Выбрать главу

«Легко ли быть молодым?» – коллективный фильм-исповедь об одиночестве целого поколения. На массовых демонстрациях лента собирала полные стадионы. Это был настоящий «взрыв документализма».

Еще недавно кинематограф творил государственный эпос. Люди делились на тех, кто достоин и кто недостоин предстать перед кинокамерой. Ни индивидуальные судьбы, ни частные мнения, ни внутренний мир героев при таком масштабе на экраны не попадали. От реальной аудитории обитатели экранного мира отличались, как небожители от земных существ, как брамины от касты неприкасаемых. В число неприкасаемых попадали целые срезы общества.
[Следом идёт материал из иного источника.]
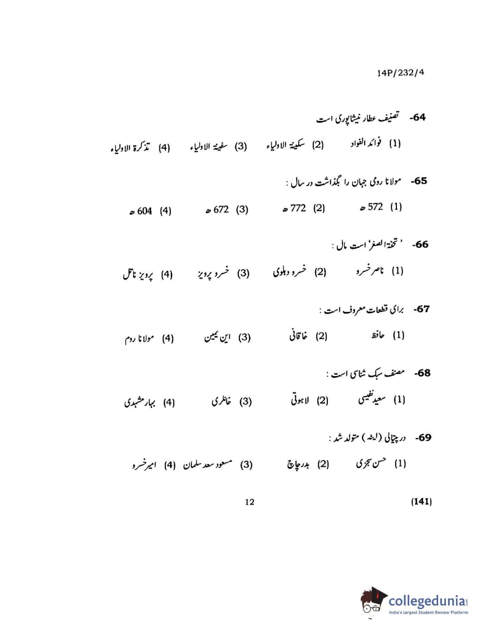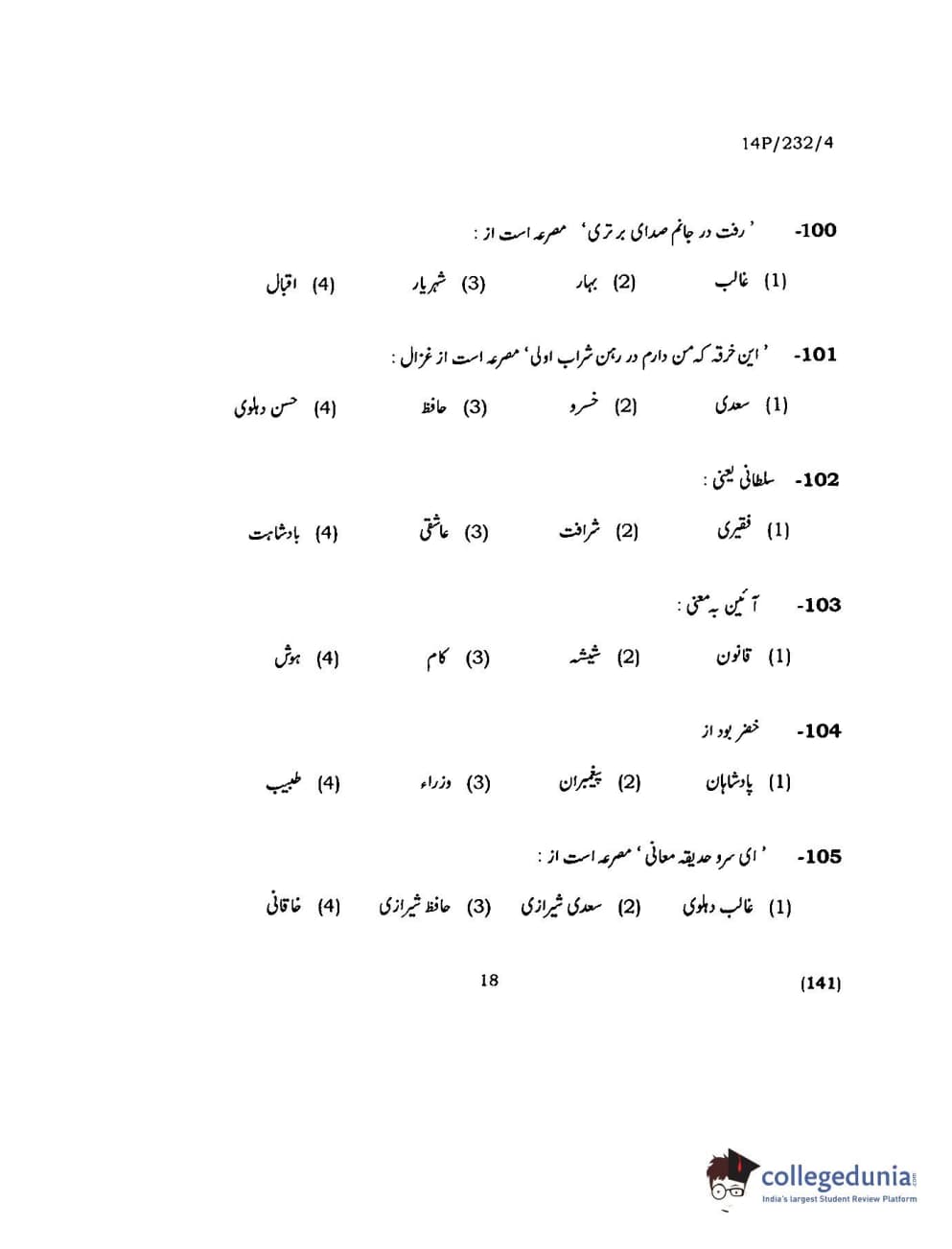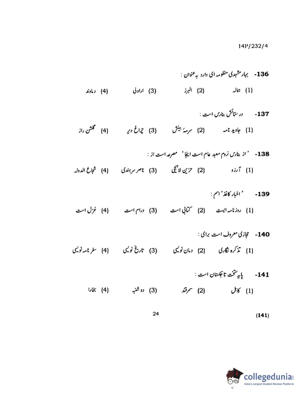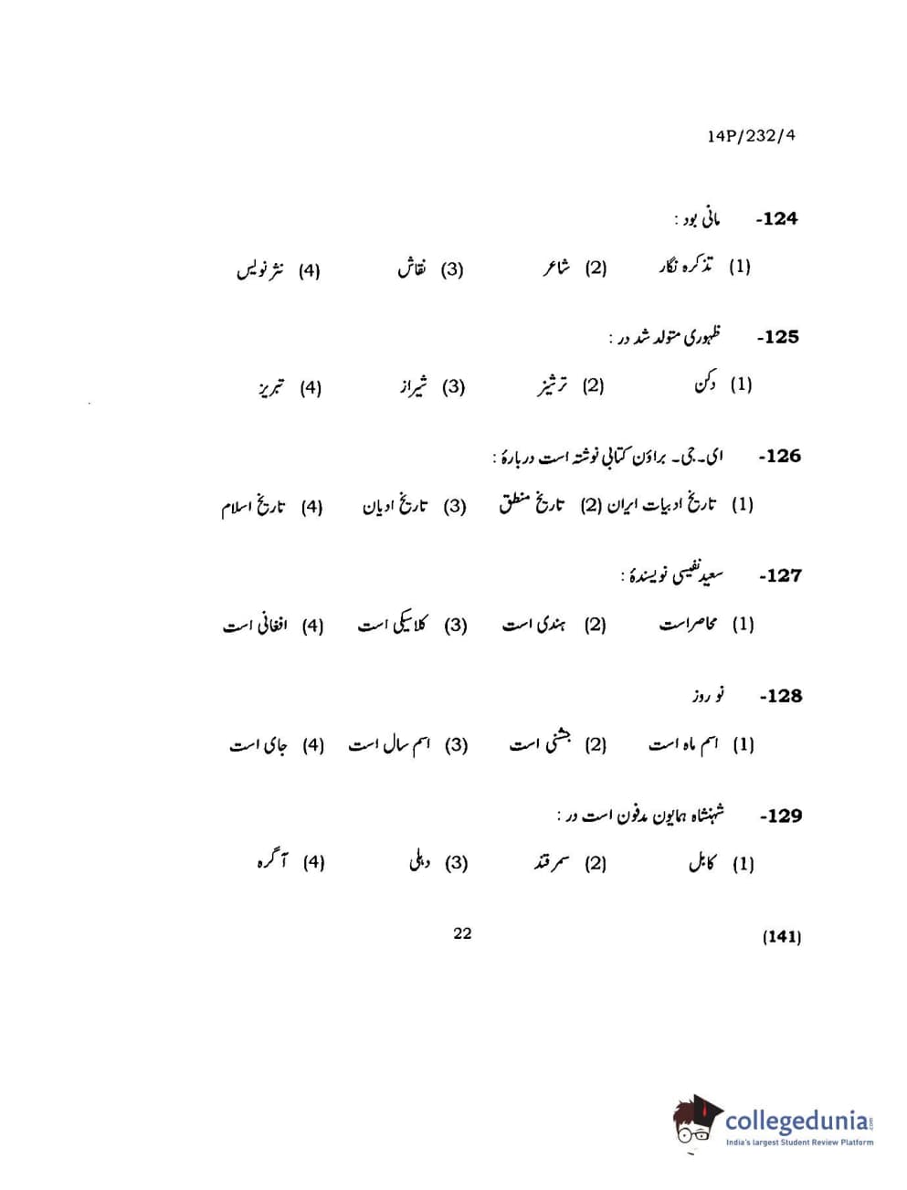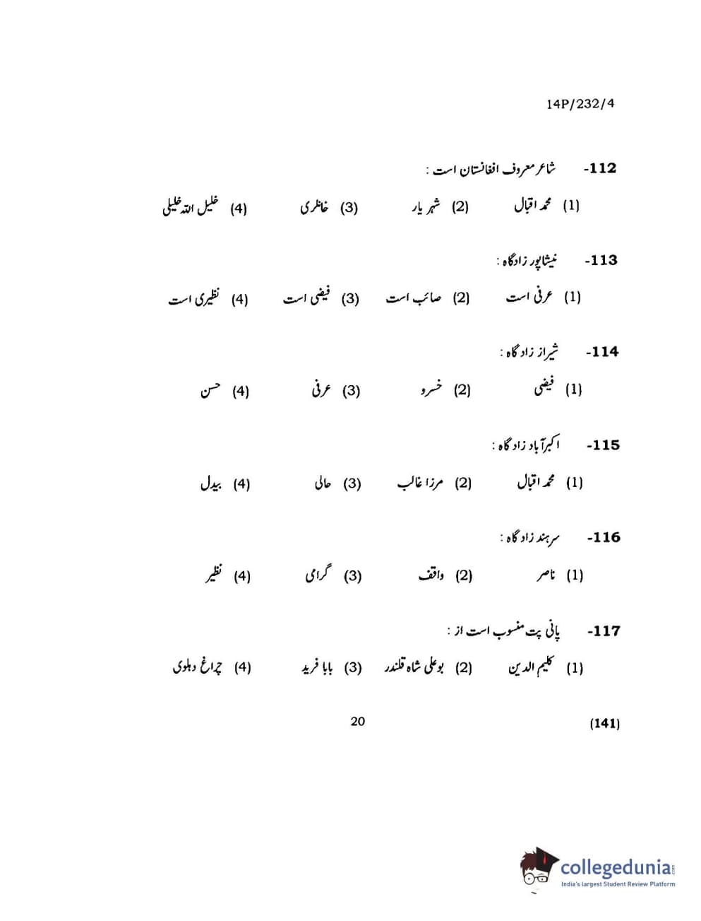 BHU PET 2014 M.A. Parsian Question paper with answer key pdf is available for download. The exam was successfully organized by Banaras Hindu University (BHU). The question paper comprised a total of 150 questions.

Новое кино открывало новую географию – сферы жизни, до сих пор считавшиеся заказанными для кинокамеры. Подобно монаху со средневековой гравюры, отважившемуся просунуть голову через небосвод, дабы взглянуть, что находится “по ту сторону”, зритель впервые увидел недоступную до сих пор для экрана действительность с той, правда, разницей, что в этой действительности как раз обитал он сам.

Новое кино поражало своей многоликостью. Это была настоящая энциклопедия социальных типов. Женские колонии. Спецприемники. Городские притоны /”Мы хоть телом торгуем, а вы своей совестью”/. Больницы для наркоманов. Тюремные камеры смертников.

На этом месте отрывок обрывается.